Further analyses assessed effect modification on weekly rate of change in cognition by baseline level of MMSE score (<19 or ≥19, more severe vs. mild impairment), baseline BPRS total score (≤27 or >27, median split on behavior severity), and study site size (<18 patients (pooled sites) or ≥18 patients (stand-alone sites)). Each cognitive measure was modeled as a function of the covariates, time (weeks) since baseline and an interaction term of time since baseline by baseline MMSE group, BPRS group, or study site size group. The interaction term tested if the rate of change (slope) in the cognitive score differed by baseline MMSE, BPRS or study site size.
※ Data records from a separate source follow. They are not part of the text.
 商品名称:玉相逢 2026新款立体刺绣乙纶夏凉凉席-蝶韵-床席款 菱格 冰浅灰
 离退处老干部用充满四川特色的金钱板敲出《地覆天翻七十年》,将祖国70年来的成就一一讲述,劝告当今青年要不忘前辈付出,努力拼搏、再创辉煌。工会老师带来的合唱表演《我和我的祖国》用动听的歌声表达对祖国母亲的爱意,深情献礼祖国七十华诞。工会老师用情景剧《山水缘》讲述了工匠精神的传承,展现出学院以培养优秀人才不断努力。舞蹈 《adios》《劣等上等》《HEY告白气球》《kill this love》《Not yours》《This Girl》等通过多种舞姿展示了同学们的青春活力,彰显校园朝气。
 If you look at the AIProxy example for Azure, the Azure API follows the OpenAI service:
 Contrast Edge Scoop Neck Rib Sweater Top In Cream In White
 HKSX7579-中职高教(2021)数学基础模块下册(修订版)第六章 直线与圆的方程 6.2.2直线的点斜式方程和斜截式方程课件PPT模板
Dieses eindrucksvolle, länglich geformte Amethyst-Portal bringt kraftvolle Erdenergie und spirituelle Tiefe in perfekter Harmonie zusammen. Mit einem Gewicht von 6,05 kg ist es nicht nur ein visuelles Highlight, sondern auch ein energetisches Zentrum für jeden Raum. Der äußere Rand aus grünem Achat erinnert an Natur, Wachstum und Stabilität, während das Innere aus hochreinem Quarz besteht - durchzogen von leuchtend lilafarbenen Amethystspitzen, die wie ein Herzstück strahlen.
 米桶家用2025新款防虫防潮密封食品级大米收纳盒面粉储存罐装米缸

The second set of mixed effects analyses assessed the effect of each treatment on the rate of change in cognitive function. Treatment was included, provided that the patient had been assigned to the treatment (olanzapine, quetiapine, risperidone or placebo) for at least 2 weeks immediately prior to the date of cognitive assessment. Follow-up cognitive assessments on dates when the subject was in the open-choice phase (phase 4) or had been on their study medication for less than two weeks were not included in these analyses. Separate models were fit for each cognitive variable. The independent variables included the covariates, treatment assignment, and number of weeks since baseline. An additional interaction term of time since baseline by treatment tested whether the rate of cognitive change differed among patients on a specific study medication compared to placebo patients.
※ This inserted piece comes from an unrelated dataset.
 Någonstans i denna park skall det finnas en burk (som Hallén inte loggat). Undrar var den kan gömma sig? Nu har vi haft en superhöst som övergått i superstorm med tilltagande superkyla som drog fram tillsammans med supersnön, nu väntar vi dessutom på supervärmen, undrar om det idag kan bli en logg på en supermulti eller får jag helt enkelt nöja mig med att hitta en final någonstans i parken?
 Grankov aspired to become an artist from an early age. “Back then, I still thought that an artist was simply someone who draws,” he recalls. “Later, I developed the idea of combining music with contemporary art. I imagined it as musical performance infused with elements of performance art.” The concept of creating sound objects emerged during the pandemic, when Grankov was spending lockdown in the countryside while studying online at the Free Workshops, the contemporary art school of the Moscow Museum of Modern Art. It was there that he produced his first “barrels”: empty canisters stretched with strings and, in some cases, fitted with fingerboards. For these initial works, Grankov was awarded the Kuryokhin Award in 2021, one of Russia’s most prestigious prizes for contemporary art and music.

The third set of mixed effects analyses was similar to the second except that all atypical antipsychotics were combined for comparison with placebo. This set includes more cognitive testing dates than the second set of analyses because a patient on a combination of atypical antipsychotic medications during the two weeks prior to cognitive testing would be included here, but excluded from the second set of models. In addition, we used the model estimates of weekly rates of change over the trial to estimate the change in cognitive function over the full, 36-week study duration by study group. Since the statistical tests are tests of slope over the full study period, whether changes are expressed per week, or over 36 weeks, makes no difference on the statistical significance.
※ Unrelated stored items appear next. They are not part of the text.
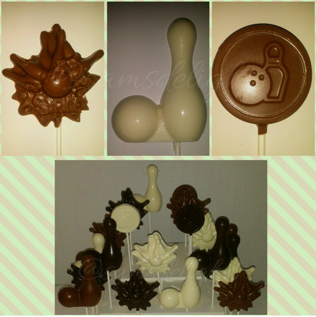 Yum Chocolate Lollipops by Sam's Delights! I ordered these bowling pops & they were great. She has an assortment of treats. Samanda Rene has created her delights just for you. Place your order today Samsdelights.com
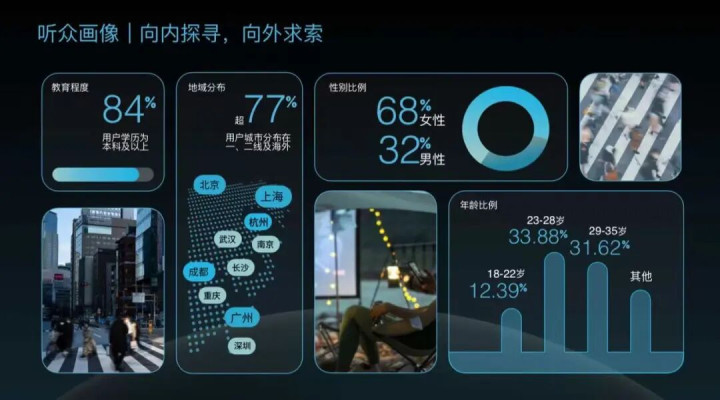 数据显示,平台用户整体呈现出高学历、高线城市集中特征:84%的用户学历为本科及以上,77%的用户分布在一、二城市及海外市场。23-35岁用户合计占比超过65%,其中23-28岁用户占比33.88%,29-35岁占比31.62%。
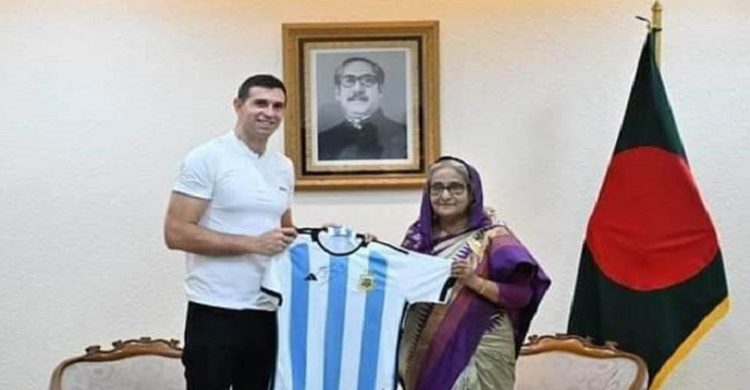আর্জেন্টিনার বিশ্বকাপ জয়ের অন্যতম নায়ক গোলরক্ষক এমলিয়ানো মার্টিনেজ প্রধানমন্ত্রী শেখ হাসিনার সঙ্গে সৌজন্য সাক্ষাৎ করেছেন।
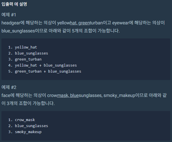 문제를 면밀히 분석해본 결과 이 문제는 순열을 이용해 푸는 문제라는 판단을 했고, 만일 headgear 2개와 eyewear 1개일 경우 5가 반환되는 것이 H, H, E, HE, HE의 다섯 가지이며 HH는 제외했다는 것을 알 수 있었다.
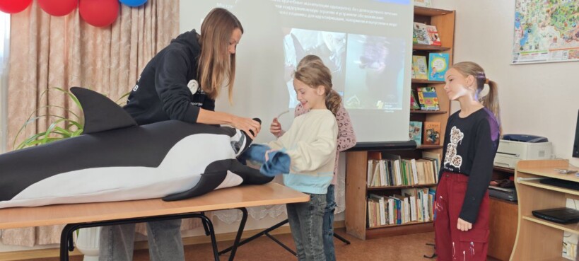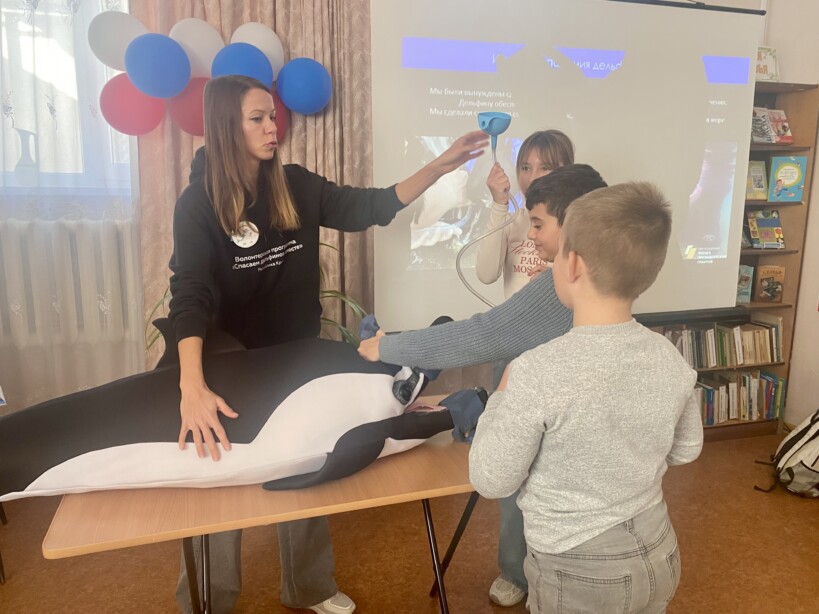Самым интерактивным и запоминающимся моментом встречи стал мастер-класс по оказанию первой помощи дельфинам. И помогал в этом не кто иной, как самый настоящий дельфин… по имени Сева! Конечно, Сева – это плюшевый помощник Елены, но с его помощью ребята научились очень важному навыку – как правильно поить дельфина во время операции по спасению.
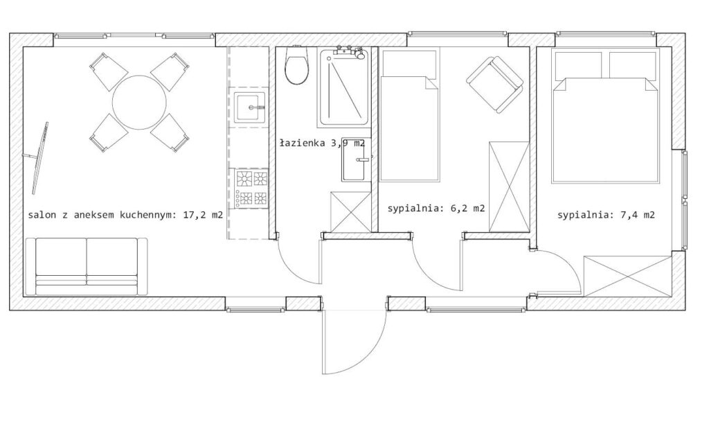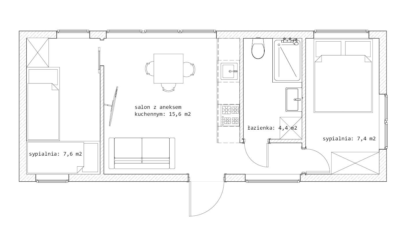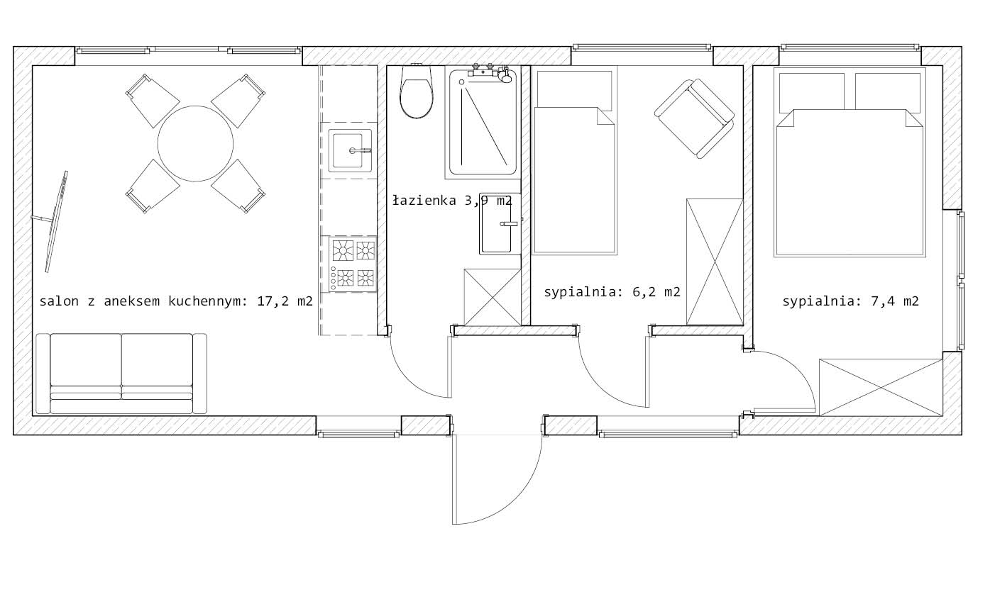 Dwie oddzielne sypialnie zapewniają prywatność i wygodę, a dodatkowe miejsca do spania, np. na rozkładanej sofie w salonie, umożliwiają elastyczne dostosowanie wnętrza do potrzeb gości. W domku znajduje się również w pełni wyposażony aneks kuchenny, funkcjonalna łazienka oraz jasna strefa dzienna sprzyjająca wspólnemu spędzaniu czasu. To idealne rozwiązanie dla tych, którzy cenią sobie wygodę, funkcjonalność i domową atmosferę – nawet na niewielkiej przestrzeni.
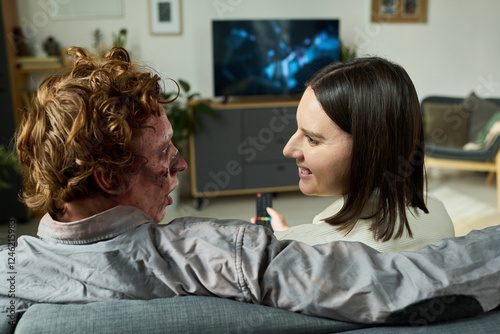 Fototapeta premium Unusual Young Couple Discussing Movie
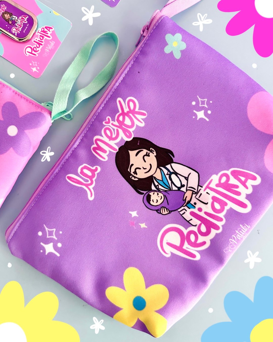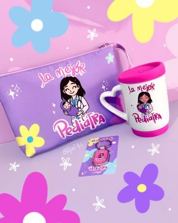 Kit de Pediatra; incluye: Organizador en Lino Flex, mug en cerámica con tapa de silicona y llavero métalico.
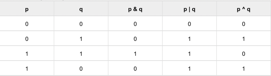 Bitsel operatör bitlerde çalışır ve bit bit işlem gerçekleştirir. &, | Ve ^ için doğruluk tabloları aşağıdaki gibidir -![]()
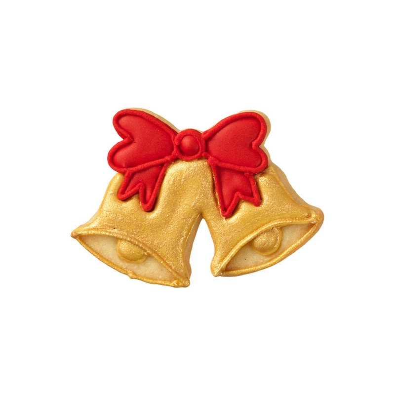 PODWÓJNE DZOWNECZKI Z KOKARDĄ Do wycinania pierniczków i ciasteczek z kruchego ciasta Formemka wykonana ręcznie, perfekcyjnie wykończona. Ostre krawędzie do wycinania umożliwiają dokładne wykrojenie ciasta, a zaokrąglone brzegi są całkowicie bezpieczne dla dłoni. Bez problemu wytniemy nią świąteczne pierniczki oraz ciasteczka. Można myć w zmywarce.

Generalized estimating equations were used to estimate the average CGIC scores by treatment group, and test for differences from placebo, for patients on study medication for at least 2 weeks prior to cognitive testing.
All data were analyzed using SAS System for Windows, Version 9.1 (SAS Institute, Cary, NC). P-values are 2-sided.
All 421 randomized patients had at least one of the cognitive measures at baseline. One reported sedation at baseline and 16 patients did not report years of education and were excluded from the analyses. In addition, 47 patients had no follow-up cognitive measures, leaving 357, 342 of whom had at least one follow-up cognitive measure at 12 weeks, 320 had at least one follow-up measure at 24 weeks, and 307 had at least one follow-up measure at 36 weeks. The study sample was 46% male, with mean age 77.6 years and mean education 12.3 years (Table 1); and 64% was taking cholinesterase inhibitors.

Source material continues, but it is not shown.